In the beginning of Part II, we set a target for ourselves: 99% accuracy on MNIST. We just got so close, reaching 98.6%. That last 0.4%? That’s up to you.
I told you that configuring a network can be more art than science, and this Hands On is proof of that. Here’s my suggestion: to find better hyperparameters than the ones we have now, drop compare.py. Instead, use neural_network_quieter.py, an alternative version of the network that logs accuracy only once every 10 epochs—it’s much faster. Here are a few things that you can try:
The standardized version of MNIST generally works better. There’s no reason not to use it.
Sometimes, it pays off to be patient and wait for more epochs before giving up. However, if 20 or 30 epochs go by without the accuracy increasing at all, then it may be time to try another configuration.
More hidden nodes slow down the training, but they make the network smarter when dealing with gnarly data.
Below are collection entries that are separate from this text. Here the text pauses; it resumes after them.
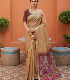 Cream muga cotton meenakari & azarakh pallu saree with contrast blouse
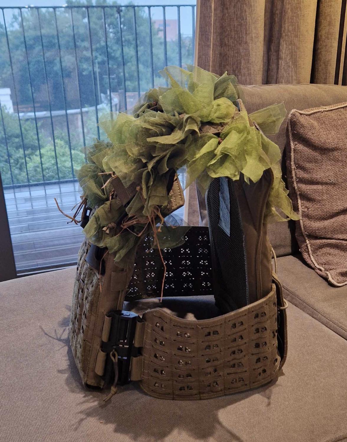 Novritsch plate carrier in green, crafted on the top third with haloscreen. If you don't want the haloscreen you can easily snip off the cable ties.
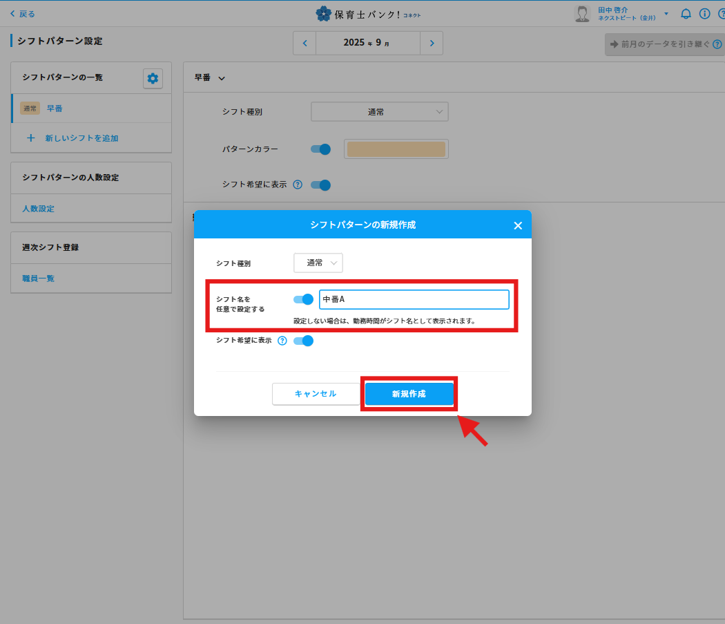 ③「シフト名」を入力し「新規作成」ボタンを押します。
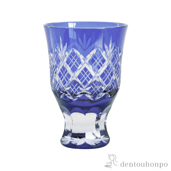 「送料無料」 江戸切子 重ね矢来・菊底 酒杯 瑠璃 江戸切子 ( 田島硝子 退職祝い 定年 ぐいのみ 盃 酒器 セット 日本酒 江戸切子 結婚 )
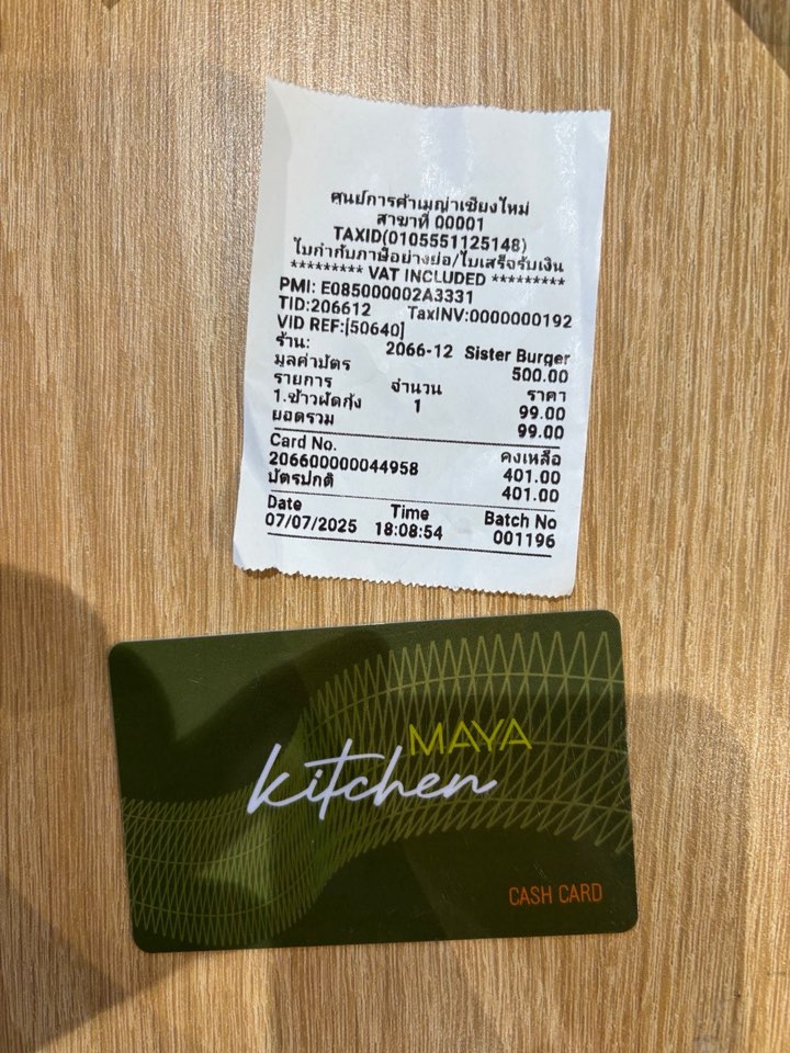 4층에 올라가니 마야키친이 있었다. 우리는 이 전에도 이곳을 갔었는데, 그때는 알지 못했었다. 카드를 충전해서 각 음식점에 스캔으로 결제를 하고, 남은 금액은 돌려받는 시스템이었다. 결제를 하고 나서 영수증을 받으면 영수증에 남은 금액이 쓰여 있다. 우리는 싱가폴 새우 볶음밥(99바트, 약 4,300원)과 팟타이(65바트, 약 3,000원)를 시켰다. 시키고 주위의 한국사람들이 하는 얘기를 듣고 안 사실인데, 이 팟타이 집이 문신남 팟타이라고 유명하다고 했다. 문신남이 볶아줘서 문신남 팟타이 인것 같았다.
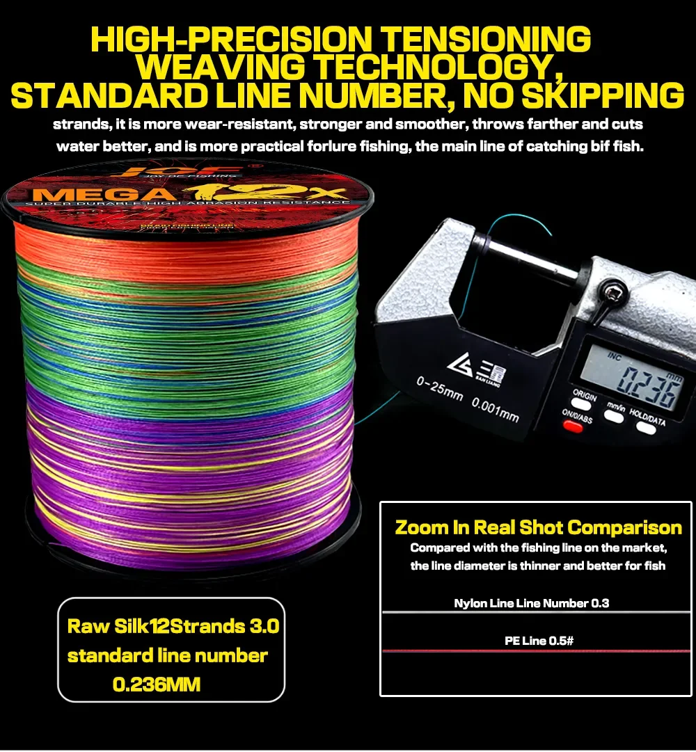 El sedal trenzado de 12 hebras es adecuado para todo tipo de pesca de alta intensidad, por lo que es perfecto para la pesca en el mar, la pesca en barcos y los peces ancla. Es particularmente ideal para pescar en lugares con estructuras submarinas complicadas o demasiados obstáculos, como áreas de hierba pesada, lugares con muchas piedras y muchas ramas.

Don’t be afraid to push that number higher.
The smaller the learning rate, the slower the training, but those small steps help the network reach closer to the minimum loss. Try a slightly smaller value of lr than the one we settled on.
We talked a lot about the pros and cons of small batches in the past. All that being said, in this specific case I had more luck with very large batch sizes.
Hitting that 99% with our neural network is entirely possible. Happy hunting! Check out the 15_development/solution directory if you want to compare your hyperparameters to the ones that I found.